Es ist klar, daß man hier von beträchtlichen Versäumnissen sprechen muß, die wahrscheinlich in der Folgezeit nicht mehr ausgeglichen werden können. Trotzdem muß mit Rücksicht darauf, daß die Reparationsfrage in Kürze eine entscheidende Rolle spielen wird, versucht werden, sobald wie möglich eine erschöpfende Übersicht über die gesamten Demontage-Entnahmen bei thüringischen Firmen zu erhalten. Dies ist nur möglich, wenn jede einzelne Firma, die Verluste durch Demontagen erlitten hat, die Auflage erhält, die verlorenen Industrie-Einrichtungen anzugeben und nach einem ihr vorgeschriebenen Bewertungs-Maßstab summenmäßig zu bezeichnen.

Das Sachgebiet der Reparationen ist an sich Angelegenheit des Landesamts für Finanzen, während die Durchführung der Reparationsleistungen wirtschaftlicher Art ist und unter der Kontrolle des Landesamts für Wirtschaft steht. Um dieses Versäumnis nicht zu offen zu Tage treten zu lassen, empfehle ich, daß gemeinsam von den beiden erwähnten Landesämtern aus in aller Kürze eine Maßnahme getroffen wird, die durch Demontage verlorengegangenen Industriewerte genauestens zu ermitteln.

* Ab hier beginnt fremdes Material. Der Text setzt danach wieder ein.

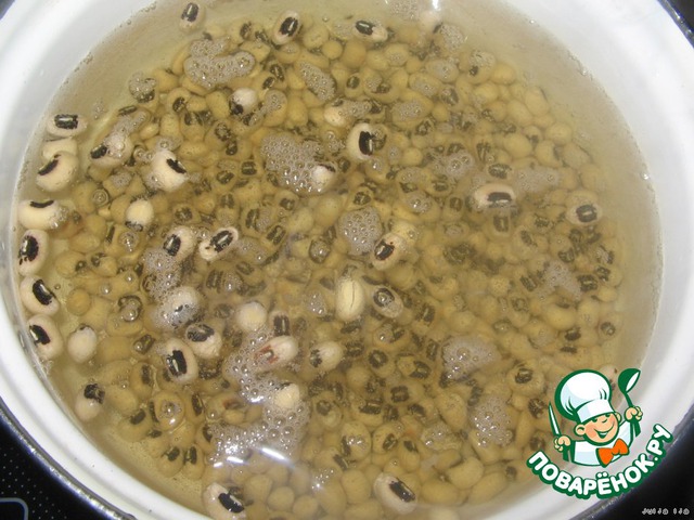 Варим фасоль. Мне нравится фасоль этого сорта ("чёрный глаз"), так как она не разваривается и варится очень быстро. У меня варилась час, а Вы по инструкции на упаковке или ориентируясь на вкус. Солить фасоль лучше в самом конце варки, так она быстрее сварится. Можно использовать и консервированную фасоль.

Die demontierten Betriebe sind im einzelnen dem Landesamt für Wirtschaft bekannt, so daß es sich lediglich darum handelt, in möglichst unauffälliger Form von eigens für diesen Zweck zu bestimmenden leitenden Angestellten dieser Unternehmungen die erforderlichen Unterlagen anzufordern. In Ansatz zu bringen wäre bei der Bewertung der allgemeine Verkehrswert, den die entnommenen Einrichtungen zum Zeitpunkt der Demontage hatten. Bei der Festsetzung des Verkehrswertes muß die Schwierigkeit der gegenwärtigen, wie auch der [zukünftigen] 1 Wiederbeschaffung in weiterer Zukunft Berücksichtigung finden. Da die zusammengetragenen Unterlagen die Grundlage für kommende Verhandlungen darstellen sollen, bei denen überdies damit zu rechnen sein wird, daß bedeutende Abstriche und Wertminderungen hingenommen werden müssen, so besteht aller Grund, bei der Wertfestsetzung einen gelockerten Maßstab anzusetzen.

S.
(Dr. Seeliger)
Du. Herrn Staatsminister a.D.
T o e l l e, 2 Landesamt f. Finanzen, Weimar.

Quelle: Landesarchiv Thüringen – Hauptstaatsarchiv Weimar, Land Thüringen - Büro des Ministerpräsidenten, Nr. 1397, Bl. 4r-5v (ms. Ausfertigung).